J is for Japonaise

Sorry, sorry, sorry, it seems a long time ago since I last wrote up a recipe, my allotment has been taking up most of my time, but that is no excuse!!  So here it is, the next letter in the alphabet.

This recipe has been taken from a book I recently bought called The Baker’s Daughter by Louise Johncox and has quite a few recipes that I haven’t heard of before.  Looking through it, there are certainly lots and lots of recipes I want to try.

The easiest way to describe this little cake is they consist of two nutty macaroon biscuits which are sandwiched together and covered with buttercream which gives you two contrasting textures.  Once I’d made and tried one they actually reminded me of an earlier recipe I baked a while back now from Mary Berry’s Baking Bible – Hazelnut Meringue Cake.  Although not that similar when you look at the filling, I could see myself making a ‘big’ Japonaise one day instead of little individual cakes.

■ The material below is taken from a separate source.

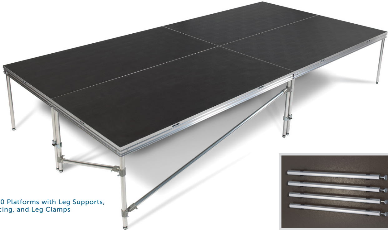
SC90 Platforms with Leg Supports, Bracing, and Leg Clamps

Our SC90® Leg Supports, used with the SC90, Truss, and SC97 Platforms, guarantee maximum durability and strength. The leg supports feature the same high quality aluminum that is used on our platforms. The leg supports are available in both fixed and adjustable heights, and have bracing and leg clamps available for extra stability and rigidity at higher elevations. In addition, our leg supports can be used with the most challenging custom applications on stages, seating, and choral riser systems.

  • 140g egg whites (approximately 8 eggs)
  • 225g caster sugar
  • 1 tsp almond extract
  • 110g ground almonds
  • 330g icing sugar
  • 175g softened butter
  • 4 tsp coffee extract
  • 25g dark chocolate


  1. Preheat the oven to 150C/Gas Mark 2.  Grease 2 baking trays.
  2. Whisk the egg whites to soft peaks.  Add half the caster sugar a spoonful at a time, then add the almond extract.
  3. Sift the ground almonds and the remaining caster sugar together in a separate bowl (this did take quite a time and I had to use a spoon to stir the mixture in the sieve to get it all through, but it does produce a very fine mixture.
  4. Fold this into the meringue mixture.
  5. Place the mixture in a piping bag and using a 1cm nozzle pipe small spirals about 4cm in diameter (I drew circles on a sheet of greaseproof paper, turned it upside down and piped the spirals on this.  The meringues do expand whilst cooking, so allow a space in between each one.  The biscuits are meant to be flat. (The mixture makes around 35 biscuits).
  6. Put in the oven and bake for approximately 20 minutes – until the biscuits are golden brown.  Leave to cool on a wire rack.
  7. Sift the icing sugar into a bowl and mix in the cubed butter to form a smooth paste.  Finally add the coffee extract.
  8. Take 5 of the cooled biscuits and place into a bag.  Using a rolling-pin crush the biscuits to make crumbs.  Pour the crumbs onto a plate.
  9. You can either pipe the coffee buttercream onto half of the biscuits or use a spatula to spread the buttercream.  Whatever you find easier.  Place the remaining biscuits upside down onto the buttercream to create a sandwich.  Press down to achieve a uniform thickness.  The layer of buttercream should be 1-2cm thick.
  10. Using a palette knife spread the remaining of the buttercream around the sides of the biscuit and roll each sandwich in the crumbs.
  11. Coat the top with more buttercream and sprinkle the top with some of the crumbs.
  12. Finally melt the chocolate and spoon a dollop of chocolate onto the centre of the biscuit for decoration (I decided to pipe the chocolate across the top of the cakes instead).

I’ll admit these little cakes were quite fiddly to make, but they were delicious and certainly looked stunning.  Reading through the book you can easily adapt the flavour of these by making different buttercream – chocolate ones sound nice – just add 1 tablespoon of cocoa instead of the coffee extract.  Again, vanilla ones can be made by adding a few drops of vanilla extract rather than coffee.  The list is probably endless.



2 thoughts on “J is for Japonaise

  1. Ah gorgeous. One of my very favourite biscuits or cake – I am not quite sure which (roll on the old Jaffa cake/biscuit debate!). But either way, they are not made nearly enough!